Vol 10|No 1|September|2000


Beyond Edutainment and Technotainment

© 2000 by Jamie McKenzie
about the author

This article first appeared
in the June, 2000 issue of eSchool News.

Urban and perpetually underfunded through the final decades of the last century, the Middle School of the Future (previously named the Booker T. Washington Middle School) has dramatically closed the "digital divide" facing many urban schools today thanks to generous sponsorships, contributions and partnerships from technologically committed corporate friends.

For this school plagued by poor performance, illiteracy and low attendance during the 1990s, the principal of MSF has banked heavily on the possibilities of notebook computers and networked information. She is hoping to reverse the old patterns, equipping students with all the skills and competencies they might need to break into successful futures.
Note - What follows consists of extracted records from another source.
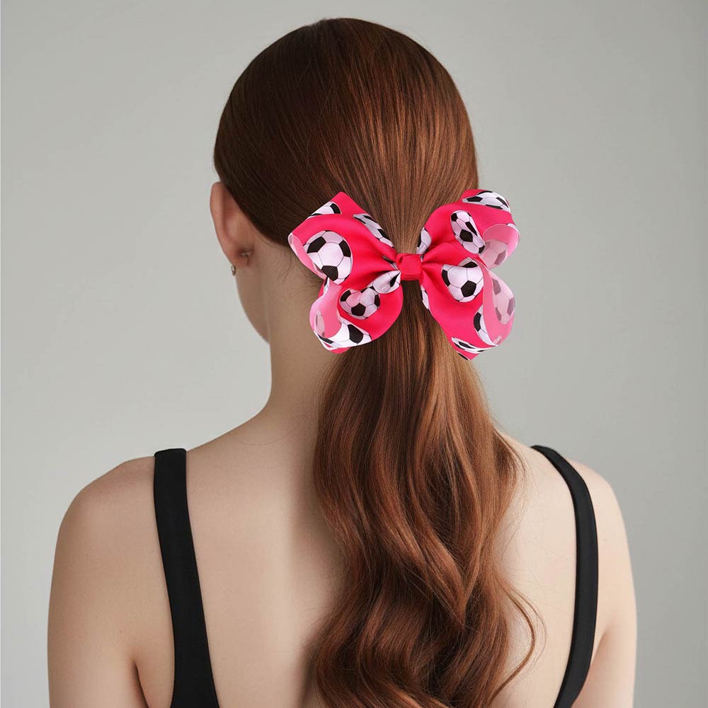 Details • Size : 6.5" X 5.25" • Alligator Snap • Soccer ball print oversized hair bow clip designed for bold, sporty styling. Features a structured bow shape and secure clip for ponytails, braids, and half-up looks. Perfect for game days, school spirit outfits, team events, and casual wear. A popular accessory choice for sports fans, boutiques, and gift assortments.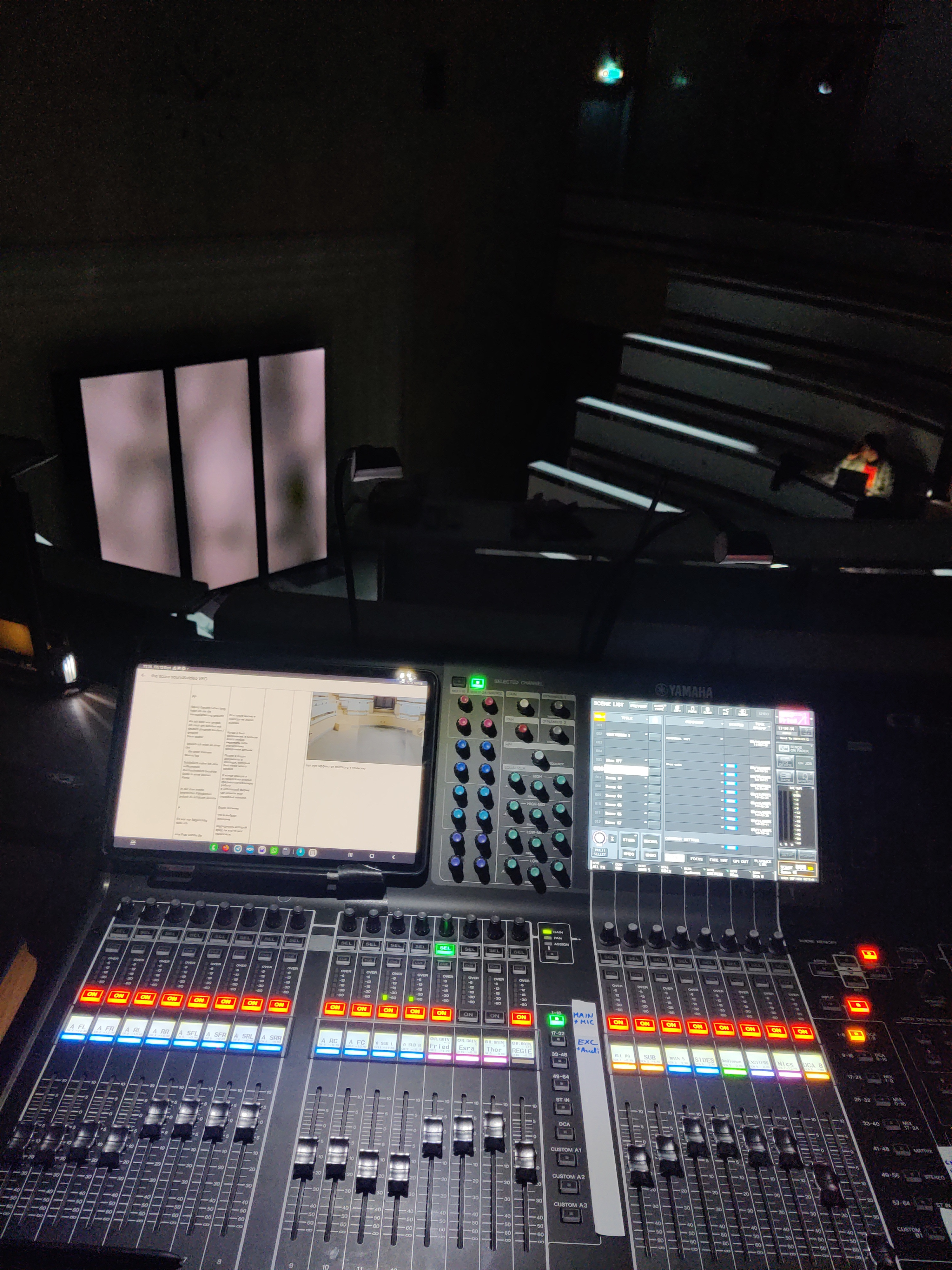 Heute HP1 (Hauptprobe) für Vegetarian, ich fuhr die Show das erste Mal komplett. Natürlich noch kleine technische Probleme direkt vor Beginn (hatte auf einmal jedes Mikrophon auf jedem Eingangskanal, war wohl irgendein Loopback über ein wildlaufendes Dante Gerät), danach lief's aber ziemlich gut.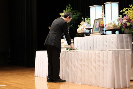 約220名の教職員・学生が参列し、始めに参加者全員で黙祷を行った後、北園研究院長から「慰霊の言葉」が述べられました。引き続き、小野動物実験施設長から弔辞があり、動物実験施設長は「今後とも、動物実験に従事する私達は、国内外の規制の動向や科学的知見に関する情報の収集に努め、3R(代替法の選択、使用数の削減、 苦痛の軽減)と実験動物学の三大統御(環境統御、微生物統御、遺伝統御)を実践することで、 実験動物の福祉の実現と動物実験の再現性確保に取組む所存である。」と述べられました。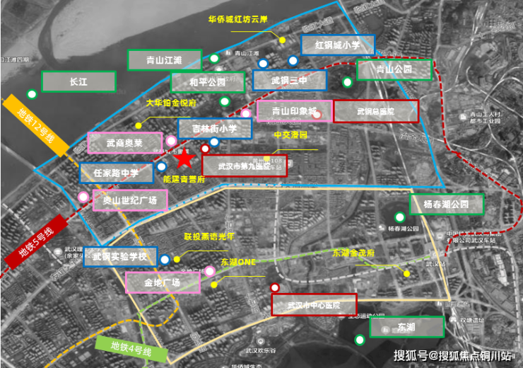 具体来看,项目距大型商业体武商奥莱约400米,1.5公里范围内覆盖青山印象城、奥山世纪广场等商业体,距武汉市第九医院约150米,距武钢总医院约2.5公里。

Sharon Jackson is a veteran principal with 30 years of doing the impossible. Every school she has touched has changed for the better. She has led with passionate beliefs. She has made students feel prized. She has created hope, and progress whenever she has led a school.

Never quite satisfied with her most recent efforts, Sharon has kept her eyes open for new resources, strategies and tools to lift student performance to higher levels.

Not so long ago, when Sharon attended a national conference devoted to the promise of networks and notebook computers, she found herself swayed by the testimonials of other educators . . .

She watched a series of PowerPoint™ presentations with slides promising major changes:

Laptops make a change in classrooms . . .

  • Lessons change
  • Activities change
  • Student attitudes change
  • Classroom management changes
  • Assessment changes

She liked much of what she heard and read, but she was also troubled by some examples of student work held up as evidence of great success.

The three-day conference was structured around dozens of PowerPoint™ presentations. Some of these slide shows came from fellow educators outlining the ingredients of a successful program. Others were student-produced.

As Sharon sat through the presentations, she was struck by the thin quality of the student work, with an emphasis upon flash and special effects rather than content and thought.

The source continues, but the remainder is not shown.